For ease of typing I’m going to remove the subscript $1$, since it plays no role in this question.

If you actually need $L'$ to be a distinct copy of $L$ and want to be somewhat rigorous about it, you’ll have to do some extra writing. You have (after minor modification) $L = (Q,E,\delta,q_0,F)$; I’m assuming that $Q$ is the state set, $E$ the input alphabet, $\delta:Q \times E \to Q$ the transition function, $q$ the initial state, and $F$ the set of acceptor (final) states. First you need a disjoint copy, $Q'$, of $Q$. A standard trick for constructing such a $Q'$ is to let $Q' = Q \times \{Q\} = \{\langle q,Q \rangle:q \in Q\}$; this ensures that $Q$ and $Q'$ are disjoint while at the same time providing a natural bijection between them. $Q'$ will be the state set of $L'$, and from that it’s easy to specify the rest of $L'$.

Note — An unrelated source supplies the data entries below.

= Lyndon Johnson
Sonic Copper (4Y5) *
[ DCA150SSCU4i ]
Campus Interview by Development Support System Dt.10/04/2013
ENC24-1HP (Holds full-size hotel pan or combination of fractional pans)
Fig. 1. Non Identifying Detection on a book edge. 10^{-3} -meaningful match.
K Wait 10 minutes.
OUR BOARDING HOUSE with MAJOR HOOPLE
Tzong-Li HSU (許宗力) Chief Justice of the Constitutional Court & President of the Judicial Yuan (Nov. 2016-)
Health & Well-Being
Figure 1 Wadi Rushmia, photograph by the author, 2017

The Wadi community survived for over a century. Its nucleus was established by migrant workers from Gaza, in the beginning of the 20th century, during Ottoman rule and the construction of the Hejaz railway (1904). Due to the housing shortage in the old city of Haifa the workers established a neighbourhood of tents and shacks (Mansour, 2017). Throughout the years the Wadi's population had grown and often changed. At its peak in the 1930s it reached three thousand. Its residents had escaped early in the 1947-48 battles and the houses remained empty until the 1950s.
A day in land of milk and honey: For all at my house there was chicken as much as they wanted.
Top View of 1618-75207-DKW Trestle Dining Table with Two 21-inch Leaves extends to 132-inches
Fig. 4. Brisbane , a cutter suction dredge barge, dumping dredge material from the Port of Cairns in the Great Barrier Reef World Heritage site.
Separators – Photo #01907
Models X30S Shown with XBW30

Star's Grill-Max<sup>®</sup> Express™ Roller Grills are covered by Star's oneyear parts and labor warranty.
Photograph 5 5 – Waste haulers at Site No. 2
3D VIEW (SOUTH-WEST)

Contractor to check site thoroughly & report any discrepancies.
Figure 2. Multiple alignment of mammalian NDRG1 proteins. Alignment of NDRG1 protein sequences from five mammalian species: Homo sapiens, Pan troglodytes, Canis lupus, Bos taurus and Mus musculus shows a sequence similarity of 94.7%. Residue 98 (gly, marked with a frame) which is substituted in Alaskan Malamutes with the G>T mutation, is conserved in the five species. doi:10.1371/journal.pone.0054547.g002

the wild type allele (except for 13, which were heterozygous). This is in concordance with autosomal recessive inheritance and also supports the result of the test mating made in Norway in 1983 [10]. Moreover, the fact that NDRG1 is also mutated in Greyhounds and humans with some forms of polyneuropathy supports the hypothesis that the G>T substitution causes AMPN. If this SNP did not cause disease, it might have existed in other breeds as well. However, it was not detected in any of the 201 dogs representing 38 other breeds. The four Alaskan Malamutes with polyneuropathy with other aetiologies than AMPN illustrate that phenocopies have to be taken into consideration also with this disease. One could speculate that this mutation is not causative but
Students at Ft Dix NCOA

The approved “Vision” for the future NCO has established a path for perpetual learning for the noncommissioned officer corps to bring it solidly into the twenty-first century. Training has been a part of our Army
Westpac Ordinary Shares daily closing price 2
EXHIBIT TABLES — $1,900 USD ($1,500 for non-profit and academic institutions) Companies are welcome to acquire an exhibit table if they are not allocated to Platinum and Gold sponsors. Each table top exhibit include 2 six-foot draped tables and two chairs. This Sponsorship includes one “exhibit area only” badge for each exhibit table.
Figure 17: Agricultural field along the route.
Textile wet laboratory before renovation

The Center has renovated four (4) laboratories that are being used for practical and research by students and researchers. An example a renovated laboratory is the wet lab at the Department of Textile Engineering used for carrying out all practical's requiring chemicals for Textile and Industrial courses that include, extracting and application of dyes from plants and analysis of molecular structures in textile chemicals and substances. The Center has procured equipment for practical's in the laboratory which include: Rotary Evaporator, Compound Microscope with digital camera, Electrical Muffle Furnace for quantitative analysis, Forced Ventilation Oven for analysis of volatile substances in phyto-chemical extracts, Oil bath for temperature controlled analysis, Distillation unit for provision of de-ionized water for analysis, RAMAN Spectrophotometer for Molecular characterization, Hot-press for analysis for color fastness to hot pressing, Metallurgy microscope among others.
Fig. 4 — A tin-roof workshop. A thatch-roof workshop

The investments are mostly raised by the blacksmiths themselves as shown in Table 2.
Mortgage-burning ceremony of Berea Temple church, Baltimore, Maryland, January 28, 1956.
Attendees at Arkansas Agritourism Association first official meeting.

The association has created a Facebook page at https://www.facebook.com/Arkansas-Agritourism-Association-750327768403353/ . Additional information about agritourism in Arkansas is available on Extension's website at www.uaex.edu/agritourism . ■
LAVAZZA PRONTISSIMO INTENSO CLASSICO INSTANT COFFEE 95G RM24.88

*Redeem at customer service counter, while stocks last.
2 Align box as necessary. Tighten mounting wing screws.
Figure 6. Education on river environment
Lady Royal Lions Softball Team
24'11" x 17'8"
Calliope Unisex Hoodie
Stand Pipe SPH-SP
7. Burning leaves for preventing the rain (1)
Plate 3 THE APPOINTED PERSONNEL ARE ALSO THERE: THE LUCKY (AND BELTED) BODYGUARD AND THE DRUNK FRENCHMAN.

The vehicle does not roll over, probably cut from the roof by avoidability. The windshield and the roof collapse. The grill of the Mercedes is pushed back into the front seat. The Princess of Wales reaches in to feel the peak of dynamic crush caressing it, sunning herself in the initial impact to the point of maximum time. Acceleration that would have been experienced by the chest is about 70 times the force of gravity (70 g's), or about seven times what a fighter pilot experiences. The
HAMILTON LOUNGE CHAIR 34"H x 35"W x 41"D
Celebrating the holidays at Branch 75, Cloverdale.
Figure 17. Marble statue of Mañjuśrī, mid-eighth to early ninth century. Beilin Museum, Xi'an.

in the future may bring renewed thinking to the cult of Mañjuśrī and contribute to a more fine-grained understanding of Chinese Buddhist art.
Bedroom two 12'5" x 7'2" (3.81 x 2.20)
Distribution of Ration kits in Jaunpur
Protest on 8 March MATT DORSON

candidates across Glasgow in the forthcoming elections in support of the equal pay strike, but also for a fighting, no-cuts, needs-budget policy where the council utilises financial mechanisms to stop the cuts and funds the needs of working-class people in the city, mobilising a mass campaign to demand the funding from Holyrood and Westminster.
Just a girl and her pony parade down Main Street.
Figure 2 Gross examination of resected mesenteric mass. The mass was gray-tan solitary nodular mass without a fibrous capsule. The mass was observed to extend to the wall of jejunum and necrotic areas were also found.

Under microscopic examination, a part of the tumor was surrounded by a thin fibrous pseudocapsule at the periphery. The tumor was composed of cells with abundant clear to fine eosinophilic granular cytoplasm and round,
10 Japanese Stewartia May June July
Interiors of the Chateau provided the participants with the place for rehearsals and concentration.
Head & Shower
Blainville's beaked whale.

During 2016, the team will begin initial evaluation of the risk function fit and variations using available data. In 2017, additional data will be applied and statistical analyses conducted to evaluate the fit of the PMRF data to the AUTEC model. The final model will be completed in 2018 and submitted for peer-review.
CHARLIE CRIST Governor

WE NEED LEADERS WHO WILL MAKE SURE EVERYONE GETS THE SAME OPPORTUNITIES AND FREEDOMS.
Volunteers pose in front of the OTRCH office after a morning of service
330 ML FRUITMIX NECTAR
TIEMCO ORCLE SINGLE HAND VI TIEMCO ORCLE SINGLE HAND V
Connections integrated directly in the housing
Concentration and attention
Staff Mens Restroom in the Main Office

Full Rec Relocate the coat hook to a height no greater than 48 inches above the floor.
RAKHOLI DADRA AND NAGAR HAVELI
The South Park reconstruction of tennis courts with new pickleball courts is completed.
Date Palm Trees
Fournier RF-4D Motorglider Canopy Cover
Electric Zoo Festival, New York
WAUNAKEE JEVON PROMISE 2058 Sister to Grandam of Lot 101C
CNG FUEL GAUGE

Certainly $L'$ will have the same input alphabet $E$. For convenience let $q' = \langle q,Q \rangle \in Q'$ for each $q \in Q$. Clearly we want $q_0'$ to be the initial state of $L'$ and $F' = \{q':q \in F\}$ to be the set of acceptor states. The transition function $\delta':Q' \times E \to Q'$ is defined by setting $\delta'(q',e) = \left(\delta(q,e)\right)'$. With these definitions $L' = (Q',E,\delta',q_0',F')$ is easily seen to be a DFA isomorphic to but disjoint from $L$, i.e., a distinct copy of $L$.

For your purpose you may or may not actually need this level of rigor in constructing $L'$. You would need it if, for instance, you wanted to combine two copies of $L$ to make some larger DFA.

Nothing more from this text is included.